Tuesday, December 10, 2019

Losing IT


I lost it today. COMPLETELY. LOST. IT.

Not in a mom’s-gone-crazy-screaming-mad-ugly-crying-throwing-stuff kind of way, but in a my-kids-are-growing-up-so-fast-and-I’m-afraid-I’m-gonna-miss-so-much-while-we’re-gone kind of way.

My heart is wrecked, guys. Why is it so hard to watch our kids grow up and become such awesome little people? And now, we’re traveling, the first time I’ve been away for so long from these sweet little faces, and it’s gut wrenching for me.

The ugly tears are already falling and I still have a month to go before we leave. (Insert eye roll emoji here.)

We leave Nampula in a month to start our journey to the US for a few months. We’ll spend Christmas with the kids here, enjoy our annual beach trip the very beginning of the year, and then we’ll head down to the capital city, Maputo, and head out to the US around mid-January.

Fatima is the girl in the very front, in a purple shirt. This is the first time I ever saw her.

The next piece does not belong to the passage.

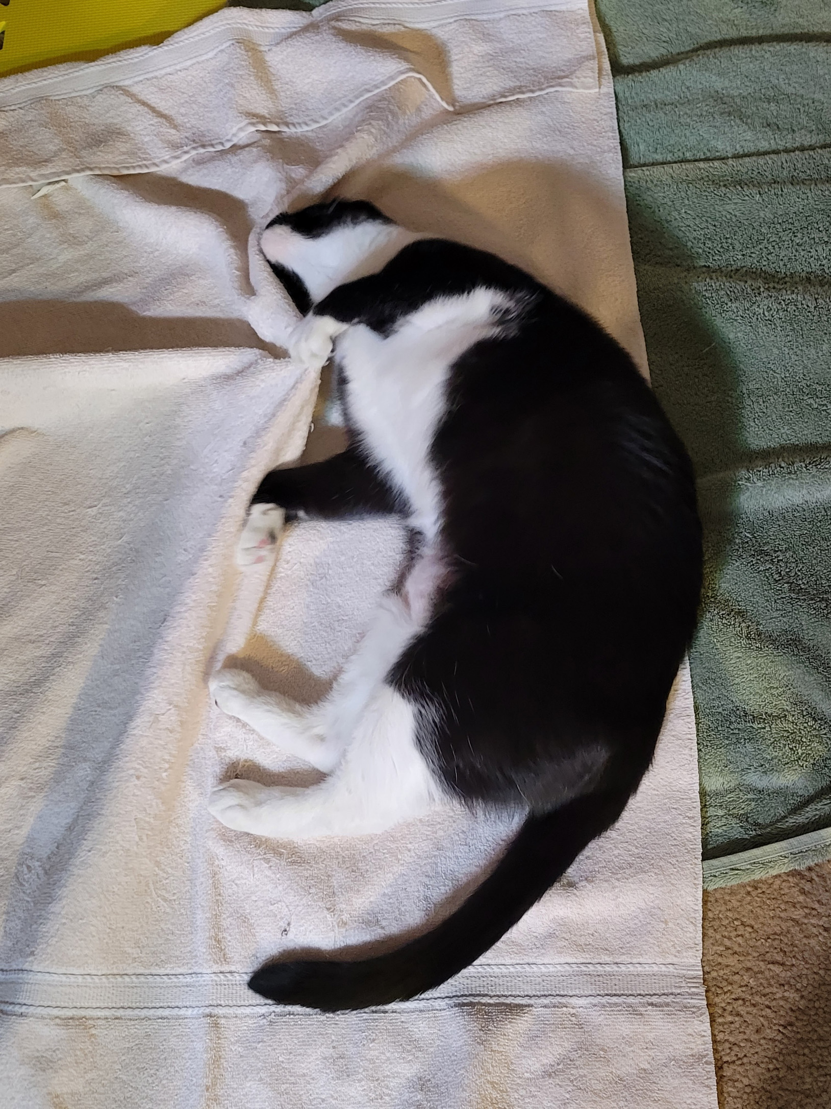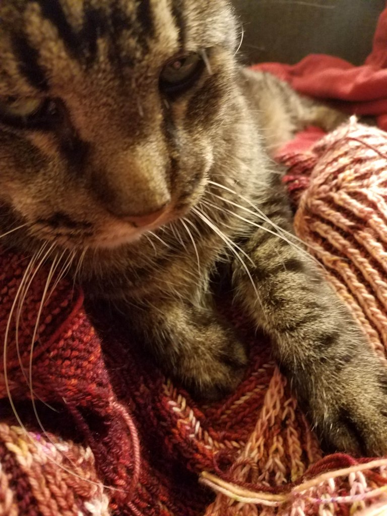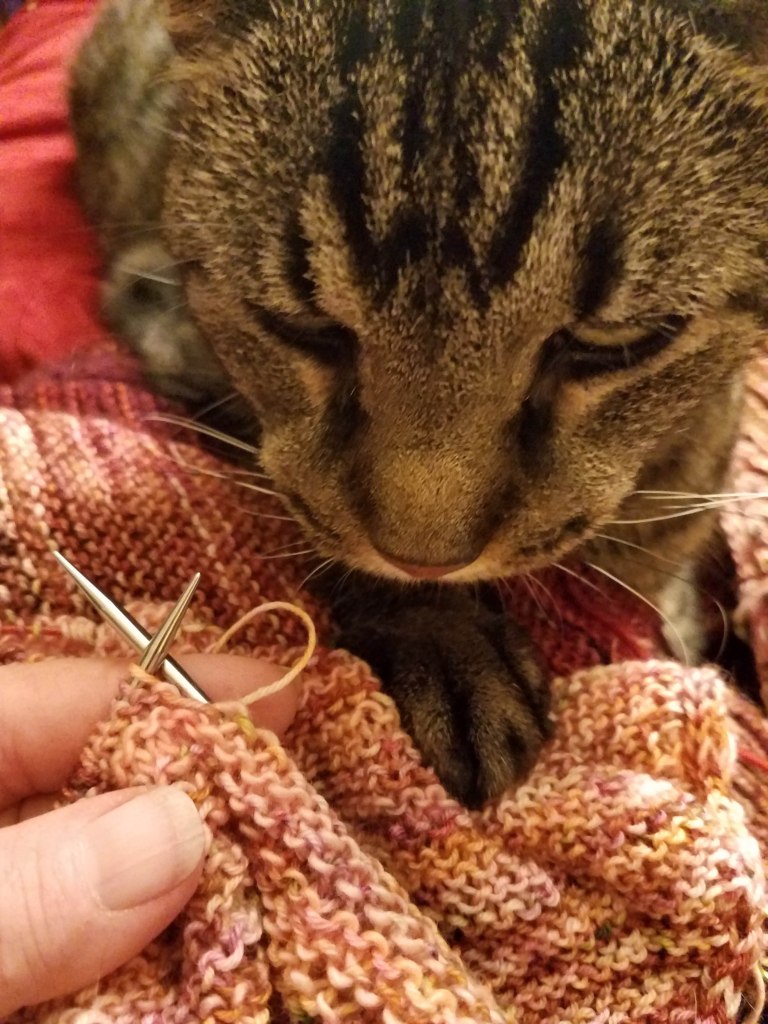Andrea gives good directions in the pattern on how to block using a good soak, sandwiching the sweater between towels, and then walking on it. Who are you??? I wondered. Have you been channeling my mother… she absolutely would block like this, but there was no way I was walking on my beautiful squishy (expensive) yarn. This yarn is superwash; I’m nervous about it stretching during blocking. While thinking of mom, I suddenly remembered her explaining how to steam the gathers out of a pinned sleeve before sewing it when I was a nervous teenaged seamstress. I decided to go with mom on this blocking adventure… I laid the sweater out on the blocking mats, misted it well with a spray bottle, and then gently steam blocked the gathers away with my iron while the yarn bloomed and the ribbing opened up. Yay!! I covered the damp sweater with towels to dry, and Hannah immediately moved in.

And while this will only be the 2nd time I’ve been back to the US in 5 years, and Jadon’s first time in 5 years, and Jo’s first time EVER, it doesn’t get any easier for me.

Of course, there are parts that are so exciting. I’ll get to meet my niece for the first time, and all my siblings will get to meet Jo for the first time, and spend time with her grandparents and even her great-grandmas! (What blessed kids I have who still have their great-grannies around!)

But I’m a mom. And these are my babies. I lost my cool this morning because I noticed that Fatima is growing up REALLY fast and she needs to start wearing a bra and all her clothes are getting too small.

I had a little sports bra I’d been saving for her and when I gave it to her to try on, I could see that she understood that she IS growing up, and she lit up with a huge, toothless grin, thanks to all her late-falling teeth.
And Fatima today, almost 13...
They’re becoming young women before my eyes and it’s hard to accept sometimes that I’ll miss some of their important moments. They may not be life-altering moments, but I don’t want to miss even one minor event.

And that’s the hard part about living between 2 worlds. There is a constant push and pull between wanting to see your people and be a part of the important and beautiful and tough stuff going on in their lives, and being exactly where God created you to be, doing exactly what He created you to do.


So I’ll try to mop up the tears that are running down my red cheeks, and I’ll get it together so the next 4 weeks are full of such awesome memories for all of us that these will carry us through until we’re back home with each other.